For some, COVID has highlighted the opportunity to focus on some larger matters and put a spotlight on the fact that some matters become very overextended—and have now ground to a halt. Some are looking to their firm contacts to be their ‘eyes and ears’ for what is going on in their matters. Where have things slowed down? Where can we safely adjust fee arrangements to reflect current status? They are working to refocus those firms, possibly reassessing assignments or pushing those expenses out.
Using Artificial Intelligence
Some are also seeing an opportunity to take further advantage of unbundling and to more fully leverage ALSPs and AI into areas of the portfolio where these tools are not currently in use.

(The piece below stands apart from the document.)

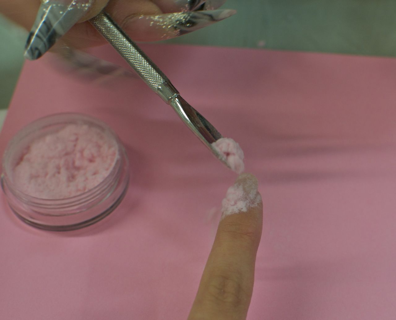 – Ripottele jauhetta kynsille reilusti. Ihan kunnon keko. Anna asettua hetki, käännä kynsi ylösalaisin ja karista. Anna kuivua hetken ja pyyhi kynnen yli pehmeällä siveltimellä. Jos puhallat, tee se riittävän kaukana jauhepurkista.
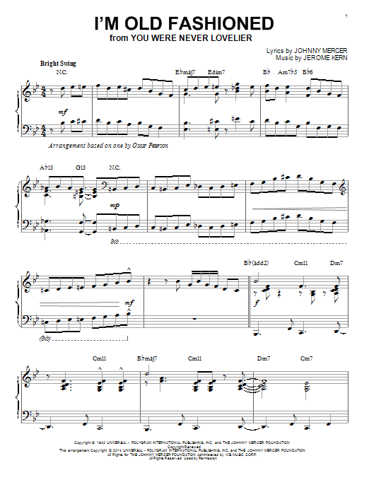 Download or print Johnny Mercer I'm Old Fashioned [Jazz version] (arr. Brent Edstrom) sheet music, chords and digital score arranged for Piano Solo. This Standards score includes 5 page(s).

We heard from one Luminary that has had success using AI in certain areas. They said they are hearing from people on the AGC level looking for help being creative to meet their goals. They admit that some law firms have embraced it, while some have not. Not surprisingly the firms they partner with more closely have been more likely to embrace it. “We are having to adjust and reassess the way we are working and we hold those expectations up to the firm.” Building on a message from the last Luminaries call, clients want to hear what firms are doing to become more efficient and reduce cost. Firms should be proactive in letting clients know about new initiatives, etc. that are designed to help meet client needs.
Best practice sharing is also something that can be valuable to clients. Clients want to know what other clients are doing to meet their goals. Working with many different clients in many different situations, firms are in an excellent position to share creative approaches being undertaken by peer clients.
Moving Work to ALSPs
The Luminaries were asked if they have any apprehension turning to ALSPs if faced with a hard cost cutting requirement. All agreed: No apprehension. This represents a change from the last economic downturn and points to the fact that much of the low hanging cost saving fruit has already been picked.

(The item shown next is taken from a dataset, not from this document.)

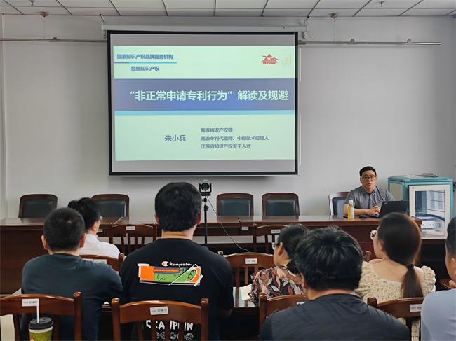 为进一步推动公司专利申报工作,6月28日下午,公司邀请了南京经纬专利商标代理有限公司朱小兵作以《“非正常申请专利行为”解读及规避》为主题的知识产权讲座。讲座由服务地方工作处副处长姚乐主持。

One Luminary mentioned that they have an internal investigation going on, with both a law firm and an ALSP involved. The ALSP has been nimbler in adjusting the way they work through the crisis and they’ve shifted more work to them.
ALSPs are often more agile and more open to new approaches, like remote interviews in an investigation. The feeling is that law firms are struggling to react on the fly, and there were concerns over whether the law firms’ service models can adapt.

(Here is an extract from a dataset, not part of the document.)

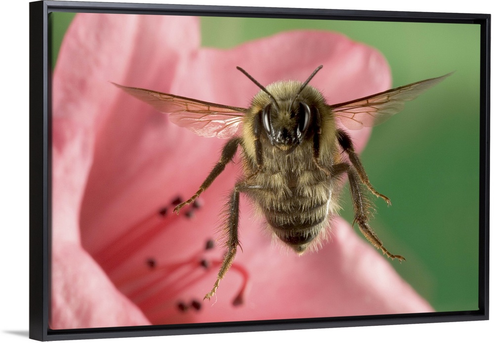 <p>Bumblebee (Bombus huntii) flying toward the camera after collecting nectar from a Rhododendron flower, northeast Oregon</p>

ALSPs also tend to be better budgeters. They provide better information on who will be staffed, how many hours, etc. Law firms struggle with that sometimes. One Luminary told the story of asking both the firm and the ALSP for a budget on a matter they were working on together. “When we lined up the budget, it turned out the firm was planning to spend a lot of time overseeing the ALSP. We didn’t necessarily need that.”
Firms and some in-house lawyers sometimes push back on ALSP use and firms are sometimes reluctant to accept ALSP work product. This can be for self-serving reasons, but, as one Luminary said, “If the firm is signing off on the work product, they do need to be comfortable. As the client, we need to make sure everybody is aligned. I do feel it’s fair for the firm to get some comfort, but once they get that….it shouldn’t be like the old days with law firms pushing back against contract attorneys.”
Some law firms are forming their own “Captive ALSPs” that might fit better on the risk scale and serve as a bridge. When asked if those operations might be hurting the firms’ brands, one Luminary responded, “I would argue they hurt their brand more with $600 associates doing work inefficiently in these times.” All Luminaries agreed they welcome proactive communication from firms on the potential to utilize such offerings and recommend firms frame the opportunities such that they can be easily communicated to internal stakeholders. Showcasing how the firm can do things more efficiently and at a cost saving to the client can help firms prevent ‘leakage’ of work to ALSPs.